In my mind, I expected they would make for interesting reading – but perhaps not as interesting as it turned out.
The sum total of the investigation is that being either the best or the worst in any given year is, statistically speaking, not a good place to occupy.
Some caveats
Whilst every effort was made to gather the correct data, some of this information was not particularly easy to piece together. I apologise in advance for any errors, and I am happy to hear from people if corrections need to be made - please comment below.

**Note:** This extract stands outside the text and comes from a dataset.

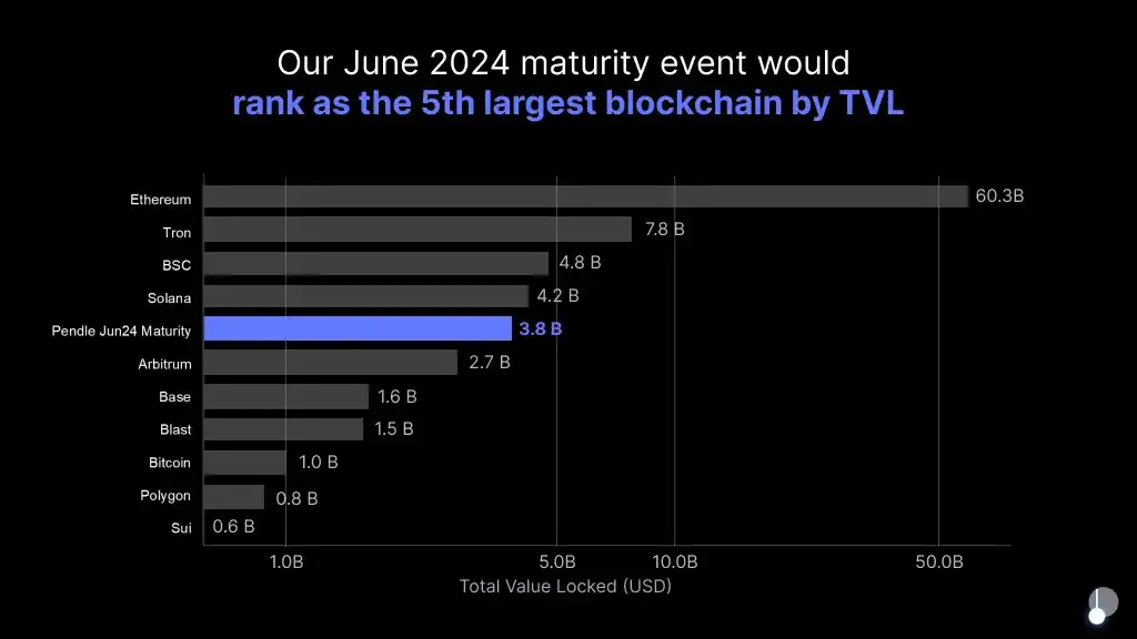 若以 TVL 衡量,Pendle 的规模足以成为第五大区块链,仅次于以太坊、Solana、Tron 和 BNB Chain。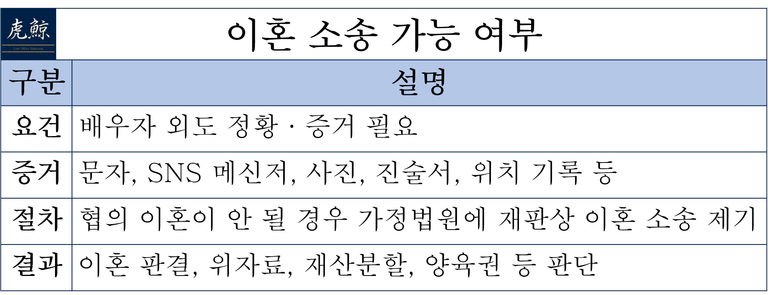'배우자의 부정한 행위'를 근거로 이혼 소송을 진행할 수 있습니다.

It has also been pointed out to me that stocks move in and out of the 200 each quarter and that there is a great deal of survivorship bias in the ASX 200. In any event, I don’t think that it takes anything away from the fun of the thought experiment, nor the insights gleaned.
The best performers
Please note the following:
- Return = percentage return in the year the stock was the best (or worst) performer
- Since = percentage return taken from the last closing price in the year the stock was the best (or worst) performer, up until close of business 5/12/23. Dividends are not included.
LEADERS
STOCK
CODE
RETURN
SINCE
2022
Whitehaven
ASX: WHC
241%
-25%
2021
Pilbara
ASX: PLS
268%
3%
2020
Afterpay
APT
303%
Delisted
2019
Avita Medical
ASX: AVH
696%
-73%
2018
Bravura
ASX: BVS
114%
-75%
2017
a2 Milk
ASX: A2M
261%
-53%
2016
Saracen
SAR
163%
Delisted
2015
Blackmores
BKL
452%
Delisted
2014
Liquefied Natural Gas
LNG
720%
Delisted
2013
Slater & Gordon
SGH
128%
Delisted
LEADERS | STOCK | CODE | RETURN | SINCE |
2022 | Whitehaven | ASX: WHC | 241% | -25% |
2021 | Pilbara | ASX: PLS | 268% | 3% |
2020 | Afterpay | APT | 303% | Delisted |
2019 | Avita Medical | ASX: AVH | 696% | -73% |
2018 | Bravura | ASX: BVS | 114% | -75% |
2017 | a2 Milk | ASX: A2M | 261% | -53% |
2016 | Saracen | SAR | 163% | Delisted |
2015 | Blackmores | BKL | 452% | Delisted |
2014 | Liquefied Natural Gas | LNG | 720% | Delisted |
2013 | Slater & Gordon | SGH | 128% | Delisted |
Wow, where to start?
The biggest standout to me was the number of stocks (five) that have since been delisted after being the best performer in a given year.
One or two delistings might make sense, but five? Here's what happened with each of them.
Slater and Gordon
This was a stinker. From market darling in 2013, to the worst performer in 2015, to being taken off the exchange in April 2023. It was a wild ride for SGH, the worst of which involved a disastrous takeover of UK rival Quindell for $1.3 billion in 2015. In April of that year, at the peak, SGH had a market cap of $2.7 billion. It was sold to Allegro Funds (private equity) for a reported $150 million.
Liquefied Natural Gas
The company flagged intentions to delist from Australia and relist in America but that didn't eventuate.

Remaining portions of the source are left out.